He’d just phoned her. Like that. It was one more thing he’d done that didn’t make sense, but which seemed logical at the time. What made him go through with it was that she didn’t sound surprised. She hadn’t said Why me? Why there? Are you sure? She’d just said, I heard. Are you all right? And he had said, Why? Do I sound funny? You do, she said and he had admitted that he was not quite right.

She’d flown from London to be there. That was something. He was grateful when she showed up in the lobby. When he said so, she replied, ‘I don’t like grateful. Makes me feel like Mother Teresa.’

‘Is glad better?’

She kissed him in the elevator gently on his lips. It was the first time she had ever kissed him. She didn’t say anything about the bandages on his hands.

He had stayed in the hotel about half a dozen times, and after his night in the Navy hospital it was where he wanted to be. It had Third Reich corridors, curving, carpeted, high-ceilinged and dim. There was some story about it being a German HQ during the Second World War. So it had shameful glamour in its past and the staff pretended they remembered him, and that was all Charlie wanted in a hotel.

‘What are we doing?’ Charlie suddenly asked her.

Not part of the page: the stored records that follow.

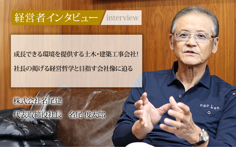 高齢化が進み、29歳以下の就業者は約12%とされる建設業界では、次世代の担い手の確保・育成に向けて処遇改善、働き方改革、生産性向上が急がれる。そんな中、土木建築会社である株式会社名尾建では、10代から50代までの幅広い年齢層の社員を雇い、しかも業界では高い年収を実現している。「経営者はファイターだ」と自負する代表取締役社長、名尾俊太郎氏の取り組みを聞いた。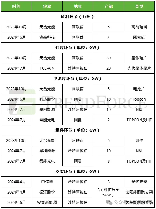 据 TrendForce 集邦咨询新能源研究中心不完全统计,截至目前,已有天合光能、协鑫科技、TCL 中环、钧达股份、晶科能源、秦能光电、中信博、振江股份、安泰新能源等 9 家中国光伏企业规划在中东布局产能。这些产能的产地主要集中在阿联酋、沙特阿拉伯、阿曼这三个国家,涉及硅料、硅片、电池片、组件以及支架等多个环节,几乎涵盖了整个光伏产业链。从已公布的产能规模来看,硅料产能达到 5 万吨,硅片产能为 50GW,电池片产能为 27GW,组件产能为 23GW,支架产能约为 30GW。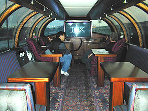 The dome of this luxury private railcar is equipped with a 42" plasma resting on custom mounts. When not needed, the plasma disappears into the cabinet below.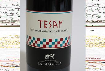 Un grande blend di Sangiovese, Alicante e Canaiolo il Maremma Toscana Doc Tesan vendemmia 2013 prodotto dall'azienda vitivinicola La Biagiola di Sovana di Sorano in provincia di Grosseto. Di colore rosso rubino profondo si presenta subito come un'esplosione vulcanica di profumi, d'altronde le sue uve provengono da terreni fatti di cenere e lapilli. Intensi sentori speziati di pepe, note balsamiche e di macchia mediterranea evolvono verso la frutta rossa matura, lasciando anche spazio alla foglia di tabacco.Davvero complesso. E anche al gusto non delude: corposo, caldo, ben 14% di alcol in volume, rotondo, sapido e gradevole. Una vena acida viva accompagnata da un tannino elegante e da un finale persistente con note di liquirizia. Nessuna nota stonata: un'eleganza anticipata da un'etichetta distintiva, legata alla civiltà etrusca che si è affermata proprio in quei luoghi. Il nome Tesan deriva dall'etrusco e significa "aurora", il motivo a scacchiera presente in etichetta è un disegno ricorrente di questa affascinante civiltà e sta a simboleggiare il rapporto tra terra e cielo. Si abbina con primi piatti con salse a base di carne e secondi di carne rossa.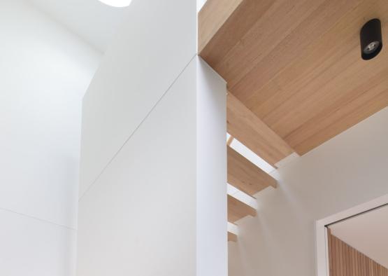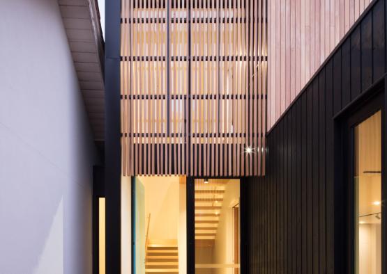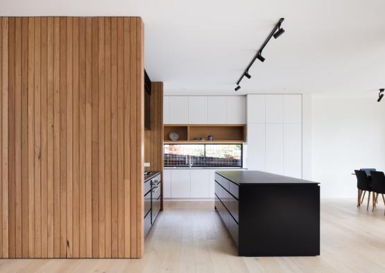 Tucked neatly behind a weatherboard house in Melbourne’s leafy north-east sits a two-storey modular extension that is bold yet refined and has transformed the way the clients live.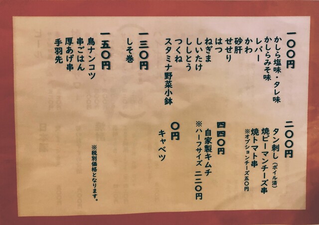 のかおい 短冊メニューで発見した「ぼんじり」150円✕2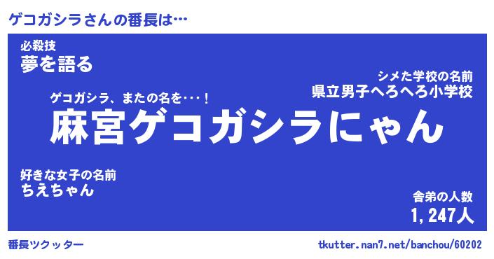 | ヒーロー風カッコイイあだ名 | 『スーパーゲコガシラ』『銀牙騎士ゲコ』 |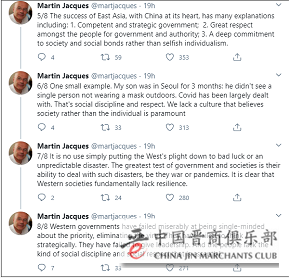 对于以中国为首的东亚国家普遍在抗疫中表现较好,马丁·雅克分析称,这是因为民众信任政府、科学权威,有社会责任感,而不是向西方人一样“个人主义,自私自利”。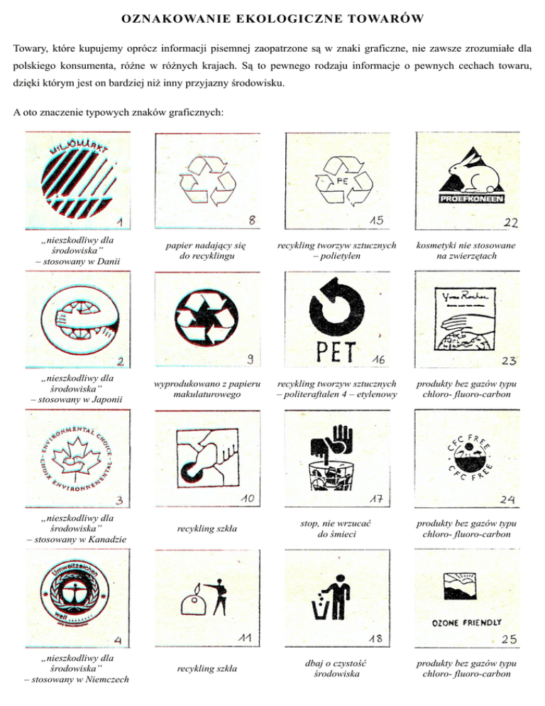 OZNAKOWANIE EKOLOGICZNE TOWARÓW Towary, które kupujemy oprócz informacji pisemnej zaopatrzone są w znaki graficzne, nie zawsze zrozumiałe dla polskiego konsumenta, różne w różnych krajach. Są to pewnego rodzaju informacje o pewnych cechach towaru, dzięki którym jest on bardziej niż inny przyjazny środowisku. A oto znaczenie typowych znaków graficznych: „nieszkodliwy dla środowiska” – stosowany w Danii papier nadający się do recyklingu recykling tworzyw sztucznych – polietylen kosmetyki nie stosowane na zwierzętach „nieszkodliwy dla środowiska” – stosowany w Japonii wyprodukowano z papieru makulaturowego recykling tworzyw sztucznych – politeraftalen 4 – etylenowy produkty bez gazów typu chloro- fluoro-carbon „nieszkodliwy dla środowiska” – stosowany w Kanadzie recykling szkła stop, nie wrzucać do śmieci produkty bez gazów typu chloro- fluoro-carbon „nieszkodliwy dla środowiska” – stosowany w Niemczech recykling szkła dbaj o czystość środowiska produkty bez gazów typu chloro- fluoro-carbon „nieszkodliwy dla środowiska” – stosowany w Austrii „żywność wysokiej jakości”, tzn. żywność ekologiczna recykling oleju recykling aluminium dbaj o czystość środowiska farba ekologiczna recykling aluminium obowiązek ponownego wykorzystania opakowania przez producenta symbole nadawane towarom przez firmy dlatego, że konsumenci chętniej kupują towary oznakowane „zielonym znakiem” dozwolony kontakt z żywnością symbole nadawane towarom przez firmy dlatego, że konsumenci chętniej kupują towary oznakowane „zielonym znakiem” recykling stali Niezależnie od naszej rzeczywistości i różnorodności barier konsument wyczulany jest przez oznakowanie towaru na sprawy środowiska. Znając poszczególne znaki ma on możliwość przyjąć właściwą postawę charakterystyczną dla tzw. „zielonego konsumenta” – przyjaznego dla środowiska naturalnego. Opracowała: Beata Szepieniec
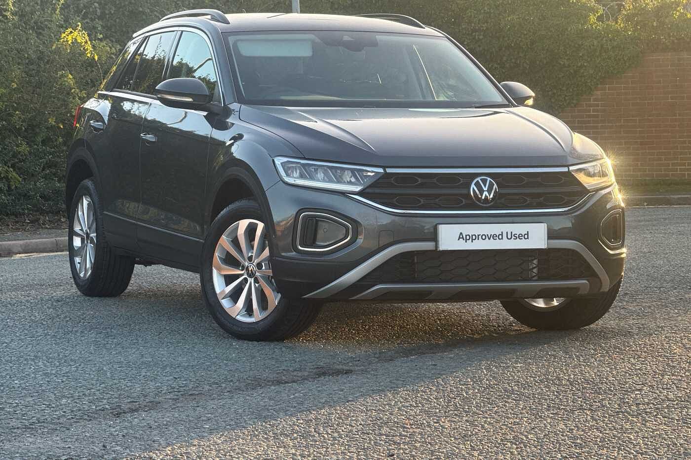 Ex-Demo, 0 Previous Owners, Franchise Approved, Available from 31/01/2026. Volkswagen T-Roc Hatchback 1.5 TSI Match 5dr DSG in Indium Grey. Specification Includes Interior Features,Heated leather wrapped multi function steering wheel with tiptronic,Paint - Metallic,Metallic - Indium grey,Trim - Cloth,Cloth - Titanium Black - Ceramique,Exterior Features,Front windscreen wiper with intermittent wipe and 4 position delay,Heated rear window,Power windows with comfort operation and circuit breaker,Privacy glass for rear side windows and rear window,Rain sensor,Rear wash/wipe with intermittent wipe setting,Front shock absorption,Rear shock absorption chassis with increased ride height,Black roof rails,Body coloured bumpers and radiator grille with chrome trim and front fog lamps with chrome bezel,Body coloured exterior mirror housings and door handles,Extended roof spoiler,External USB type C socket and charging sockets,Rear exhaust tailpipe,Rear side wing doors,Automatic hazard lights activation under emergency braking,Automatic headlight control with LED separate daytime running lights with coming/leaving home function,LED 3rd brake light,LED rear combination lamps,LED rear number plate lights,Rear fog light on one side and reversing lights on both sides,Safety,ABS,City emergency braking and pedestrian monitoring,Electronic parking brake,Electronic Stability Control (ESC) inc EDL (Electronic Differential Lock) and ASR (Traction Control),Front disc brakes,Hill start assist,Rear disc brakes,Volkswagen roadside assistance,Advanced driver attention and drowsiness monitor,Dynamic road sign display,Lane keeping system Lane Assist,Modified key software - reduce switch off time for key status change to Long no motion,Park assist including front and rear parking sensors,Power assisted speed sensitive steering,Rear view camera,Auto dimming interior rear view mirror,Electrically adjustable and heated door mirrors,Exterior mirrors aspherical on driver side- convex on front passenger side,Remote electrically foldable door mirrors- puddle lights and reverse activated passenger's door mirror,3 point height adj front seatbelts + pretensioners,3 point seatbelts in outer rear with ECE label,Child locks on rear doors,Driver and front passenger airbag with front passenger airbag deactivation,Driver and front passenger safety-optimised head restraints,Drivers seatbelt reminder,Front and rear passengers curtain airbag system including front side airbags,Predictive pedestrian protection,Two tone horn,Tyre pressure loss

‘We’re just talking, Charlie,’ she said. Charlie thought that sounded all right. It struck him, while he lay there, that he knew so little about her, except that she was from that border region where Ukraine, Hungary and Slovakia met and where there were, or used to be, Jews and Slovaks and Hungarians and Ukrainians all mixed together. That was what she said, leaving you to figure out which one she was. There was the accent, and the smell of her face cream, and the close-fitting cut of her suits, but nothing about her had ever come sharply into focus until that moment when he had checked himself in and reached for the phone, knowing that she was the one he had to call. She hadn’t asked the obvious questions like why he hadn’t gone home to Elizabeth. Her willingness to let obvious questions go had been impressive. Frankly, he just hoped that she would keep listening and not care whether this had any future. He didn’t want to rejoin his life. He hoped his life would stay on the other side of the rain that kept falling in the hotel courtyard and that it would keep raining, and that they could keep hearing it through the white curtains which rose and fell in the breeze.

‘Go on,’ she said.

It had taken two hours in the dark to get down to the bottom of the valley. They broke the cover of the trees, where the path gave out on a dust-covered road that ran through the length of the village. There were maybe fifteen houses, although he couldn’t see them all because of the bend in the road. They climbed over some low stone fences and then ducked under a clothes-line. By the wall of the first house they stood stock-still, waiting for the sound of their own footfalls to settle, listening to the animals shifting in the straw behind the wooden staves of a barn. In an upstairs window, there was a flicker of someone moving, as if they had been seen. A quarter-moon scudded in and out behind dirty clouds. They heard the Prowlers and F16s above them and they hoped their thunder covered their sounds. Jacek was loping along, keeping low. They hadn’t blackened their faces – it wasn’t smart to pretend to be a combatant – so they shone like lanterns whenever the moon came out from behind the clouds.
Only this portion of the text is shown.